Multi-touch Attribution: determine how different customer touchpoints contribute to conversions throughout the consumer journey:
- What are the most influential touchpoints (e.g, Google Search, META, TikTok)? How users interact before conversion?

\(\rightarrow\) For an in-depth discussion of other methodologies applied to a marketing context, refer to (Chapman and Feit 2015)

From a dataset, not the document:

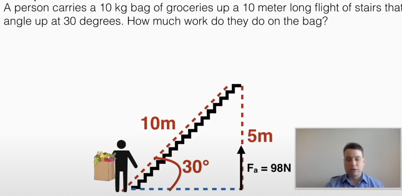 Work (W) is an objects displacement multiplied by the component of force parallel to the displacement (J), scalar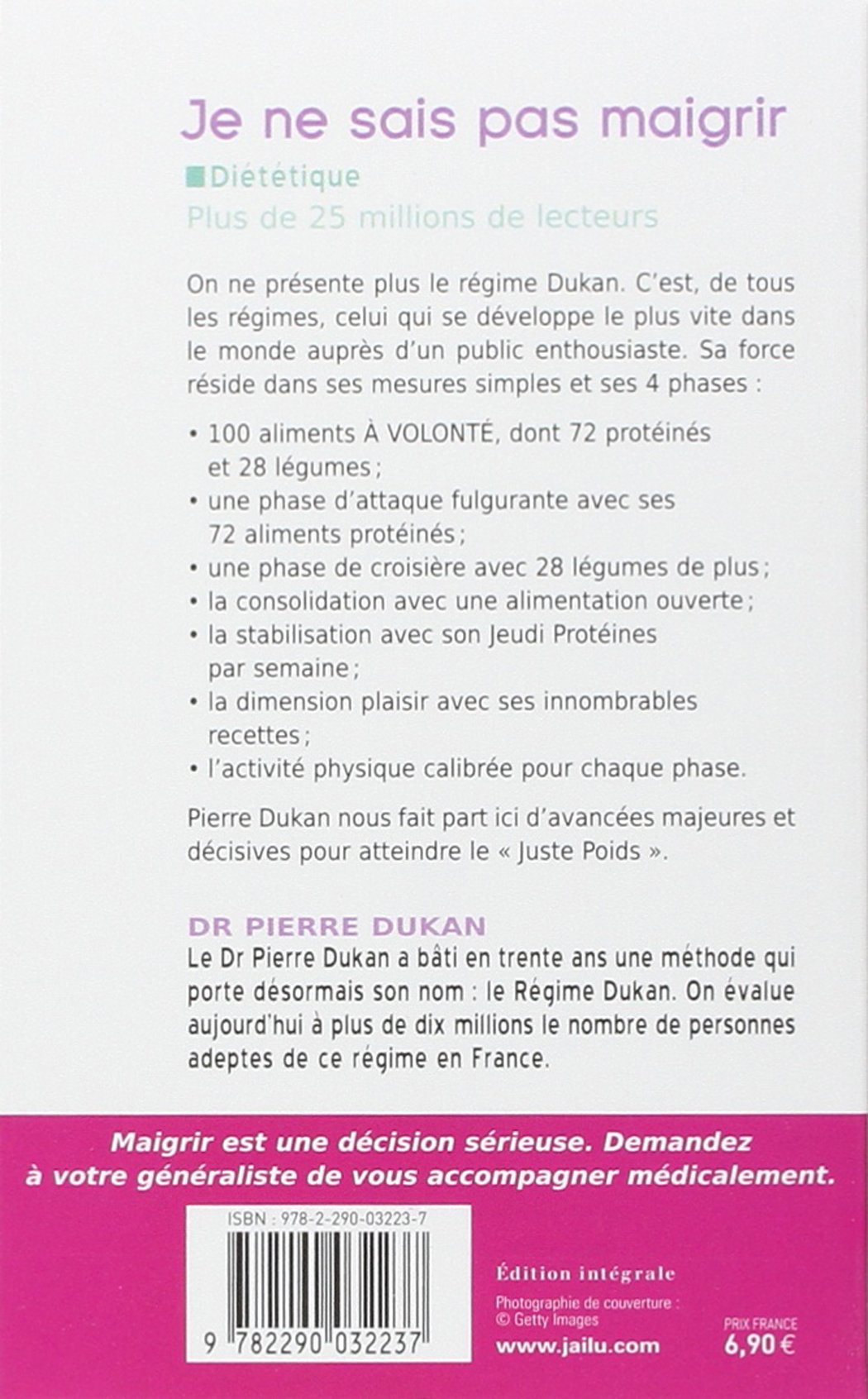 On ne présente plus le régime Dukan. C'est aujourd'hui celui qui fait le plus d'adeptes à travers le monde, auprès d'un public toujours plus enthousiaste. Sa force réside dans sa simplicité et ses 4 phases : une phase d'attaque fulgurante avec ses 72 protéines, une phase de croisière avec 28 légumes ajoutés, une phase de consolidation avec une alimentation ouverte, une phase de stabilisation avec son "Jeudi Protéines" par semaine. 100 aliments, 72 protéines et 28 légumes A volonté. La dimension plaisir avec ses innombrables recettes. L'activité physique calibrée pour chaque phase. Dans cette édition augmentée de trois nouveaux chapitres, le Dr Pierre Dukan nous fait part d'avancées majeures et décisives pour atteindre le "Juste Poids".

Wrapping-up: what’ve done so far

So far, you looked at how consumers make binary choices, both on a binary and multinomial fashion…
And saw ways to understand associations between different but related choices

Looking ahead

Explore different classification models that seek to provide similar answers
Bridge traditional econometrics with the recent machine learning literature: cross-validation, train/test sets, hyperparameter tuning etc
If your interest is on causality, we need to think about clever ways to insulate our models from ommited variable bias
Think about when you need to use a more complex model, and why!

I hope you had as much fun as I did!

References

Chapman, Chris, and Elea Mcdonnell Feit. 2015. R for Marketing Research and Analytics. Cham: Springer International Publishing.